Do I have to use the separate ecs-cli tools to deploy my Compose file? It's a lot more hairy than the sweet docker compose up we know and love, and requires me to do a lot more work.

Any other guidance?

Thanks for your help.

My repo in progress is at https://github.com/shentonfreude/compose-ecs-flask-psql but for convenience the docker-compose.yml is:

version: "3"                    # ECS may not like decimal suffix"

x-aws-logs_retention: 7
x-aws-vpc: vpc-01234567890123456 # in ue1


networks:
  # YELB says: user defined bridge required; default bridge network doesn't support name resolution
  flasknet:
    driver: bridge 

services:

  psql:
    container_name: psql
    image: postgres:9.6.2-alpine
    environment: 
      POSTGRES_USER:     flaskapp
      POSTGRES_DB:       flaskapp
      POSTGRES_PASSWORD: flaskapp
    healthcheck:
      test: "pg_isready --username=flaskapp && psql --username=flaskapp --list"
      interval: 5s
      timeout: 5s
      retries: 5
    networks:
      - flasknet

  flaskapp:
    container_name: flaskapp
    image: 314159265358.dkr.ecr.us-east-1.amazonaws.com/cshenton/flaskapp:latest
    environment:
      # Neither bare service "psql",
      # FQDN "psql.psql.compose-ecs-flask-psql.local",
      # nor awsvpc "localhost" work.
      DB_HOST:     psql
      DB_PORT:     5432
      DB_NAME:     flaskapp
      DB_PASSWORD: flaskapp
      DB_USER:     flaskapp
    ports:
      - "80:80"
    depends_on:
      psql:
        condition: service_healthy
    deploy:
      resources:
        limits:
          cpus: "0.5"
          memory: 512M
    networks:
      - flasknet

Upvotes: 2

Views: 1470

Answers (2)

Chris Shenton
Chris Shenton

Reputation: 125

As @mreferre points out the compose up works fine with an Default VPC, however early (2013) accounts don't have this, and many organizations remove these.

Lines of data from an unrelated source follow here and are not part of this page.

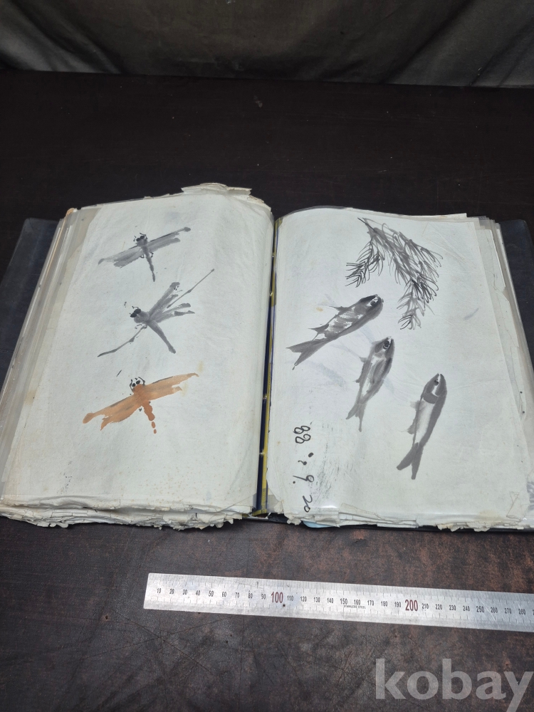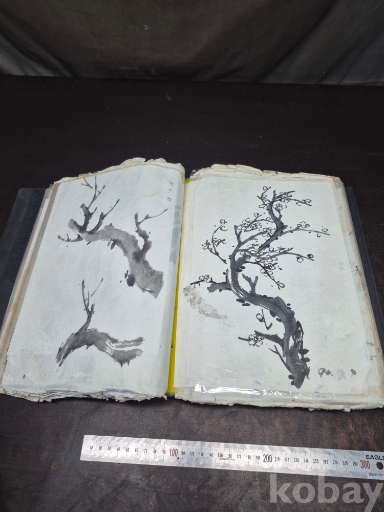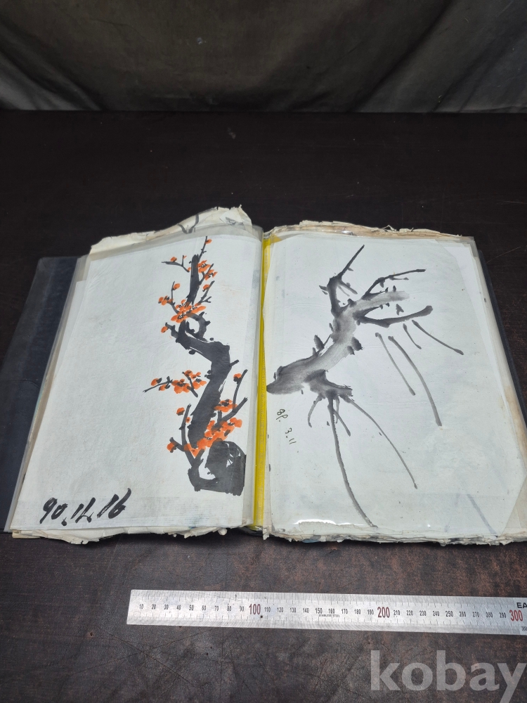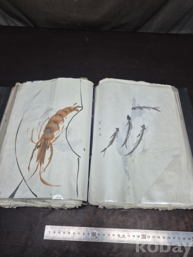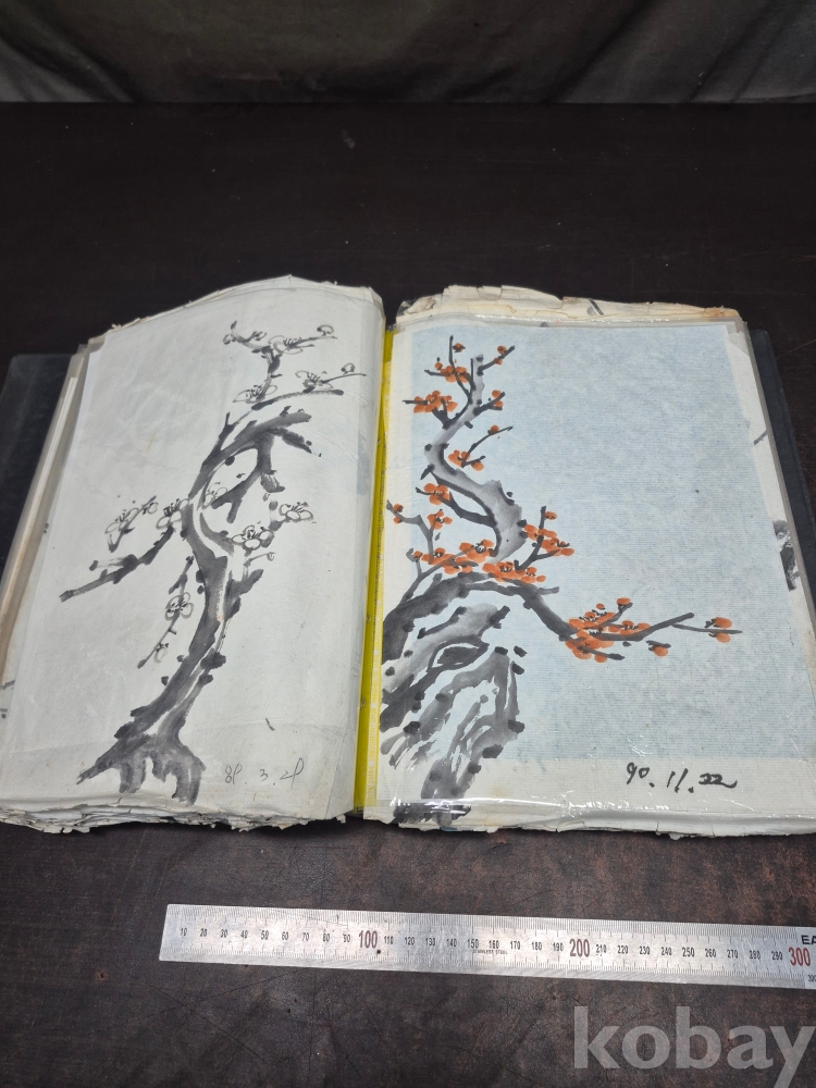 1980년대 한국화 동양화 습작품 다수 클리어 파일에 들어 있어요 25*30*5
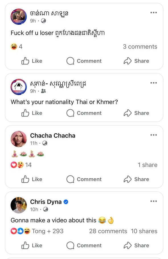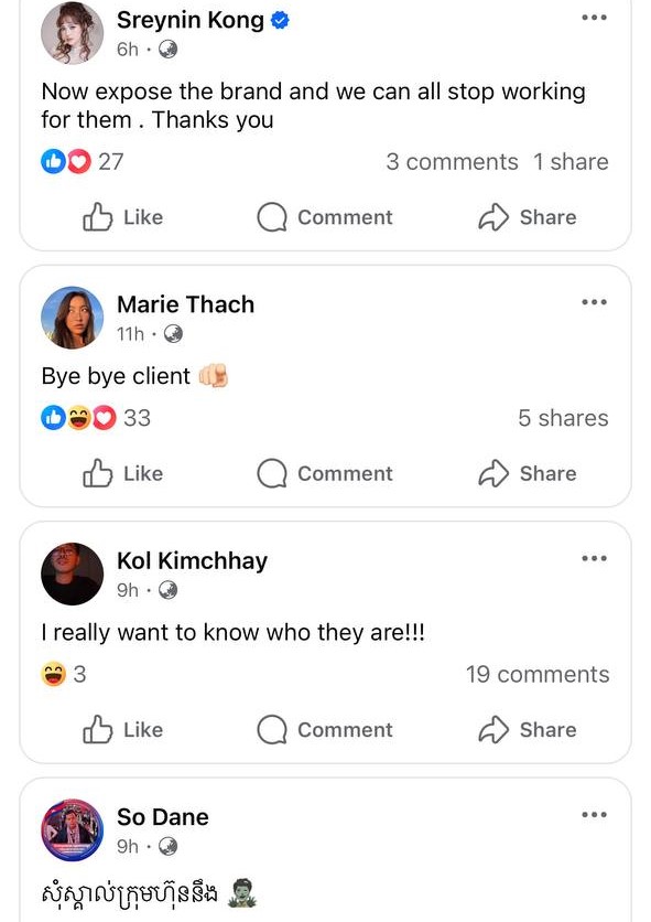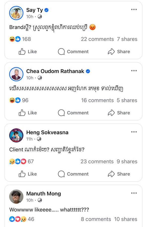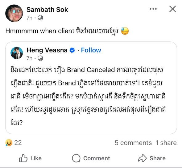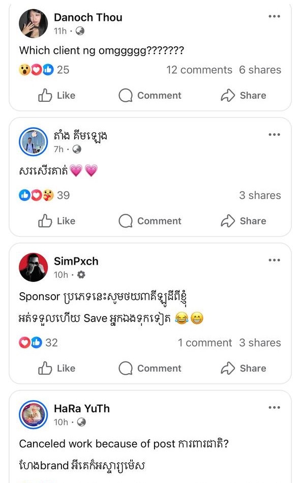 ថ្មីៗនេះ អ្នកលេងបណ្តាញសង្គមហ្វេសប៊ុក ជាពិសេសសិល្បករ សិល្បាការិនី និង អ្នកផលិតមាតិកាមួយចំនួនបានផ្ទុះការប្រតិកម្ម ក្រោយបានដឹងដំណឹងពីក្រុមហ៊ុនមួយបានឆាតមកលុបចោលការងារ ដោយលើកហេតុផលថាតួនិយាយរឿងប្រទេសជាតិ។
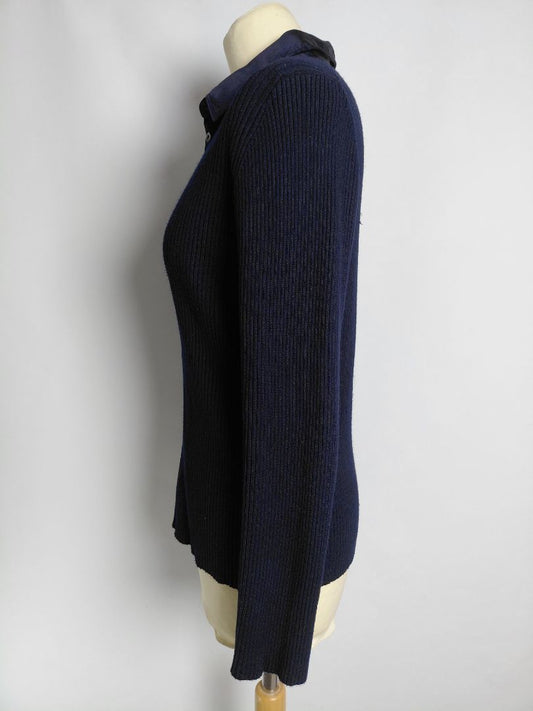 Síðerma peysa með silki kraga, L, Chico´s
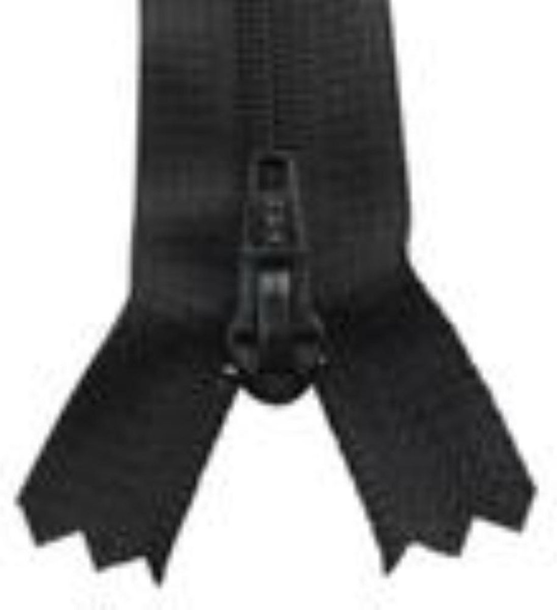 Dubbelnylon rits die vaak in een broek wordt gebruikt. Dit is een dikkere rits dan de rokrits, maar is wel steviger. Kleur: Zwart. Lengte: 12 cm.
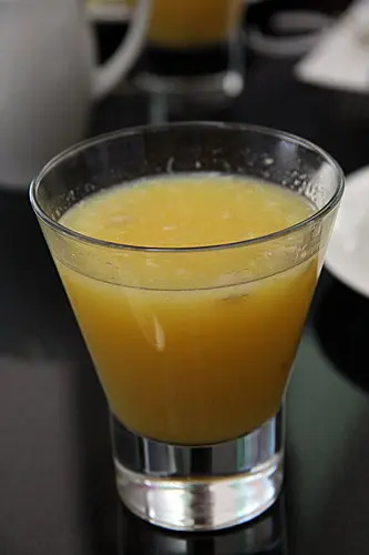 今天送的柳橙汁很新鮮很香甜,但可惜裡頭很多籽~~
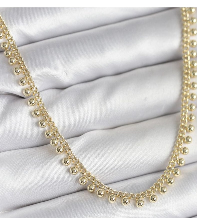 Altın renginde, zincir detaylı ve küçük yuvarlak süslemelerle bezenmiş midi uzunlukta kolye. Parlak ve nakışlı bohem tarzıyla düğün ve özel günler için uygun. ✨

You can create a new VPC, get the name, and set it in your Compose file like x-aws-vpc: vpc-deadc0decafebeef.

But you MUST have one feature turned on in the VPC for DNS to resolve the Compose service names: EnableDnsHostnames: true. Without this, an app server (for example) will not be able to resolve its database server.

Below is a minimal CloudFormation for a VPC with 2 public subnets (required by the ALB):

# VPC with IGW, Default Route, 2 public subnets.
# VPC must EnableDnsHostnames for Fargate Service Discovery by Docker service name.
# Subnets do not need MapPublicIpOnLaunch.

Resources:
  VPC:
    Type: AWS::EC2::VPC
    Properties:
      CidrBlock: 10.0.0.0/16
      EnableDnsHostnames: true  # critical for Service Discovery
      Tags:
      - Key: Name
        Value: !Join ['', [!Ref "AWS::StackName", "-VPC" ]]
  InetGW:
    Type: AWS::EC2::InternetGateway
    Properties:
      Tags:
      - Key: Name
        Value: !Join ['', [!Ref "AWS::StackName", "-IGW" ]]
  VPCGWAttachment:
    Type: AWS::EC2::VPCGatewayAttachment
    Properties:
      InternetGatewayId: !Ref InetGW
      VpcId: !Ref VPC
  RouteTable:
    Type: AWS::EC2::RouteTable
    Properties:
      VpcId: !Ref VPC
      Tags:
      - Key: Name
        Value: !Join ['', [!Ref "AWS::StackName", "-RouteTable" ]]
  InternetRoute:
    Type: AWS::EC2::Route
    Properties:
      DestinationCidrBlock: 0.0.0.0/0
      GatewayId: !Ref InetGW
      RouteTableId: !Ref RouteTable

  Subnet1:
    Type: AWS::EC2::Subnet
    Properties:
      AvailabilityZone: !Select [ 0, !GetAZs ]
      CidrBlock: 10.0.0.0/20
      VpcId: !Ref VPC
      Tags:
      - Key: Name
        Value: !Join ['', [!Ref "AWS::StackName", "-Subnet1" ]]
  Subnet2:
    Type: AWS::EC2::Subnet
    Properties:
      AvailabilityZone: !Select [ 1, !GetAZs ]
      CidrBlock: 10.0.16.0/20
      VpcId: !Ref VPC
      Tags:
      - Key: Name
        Value: !Join ['', [!Ref "AWS::StackName", "-Subnet2" ]]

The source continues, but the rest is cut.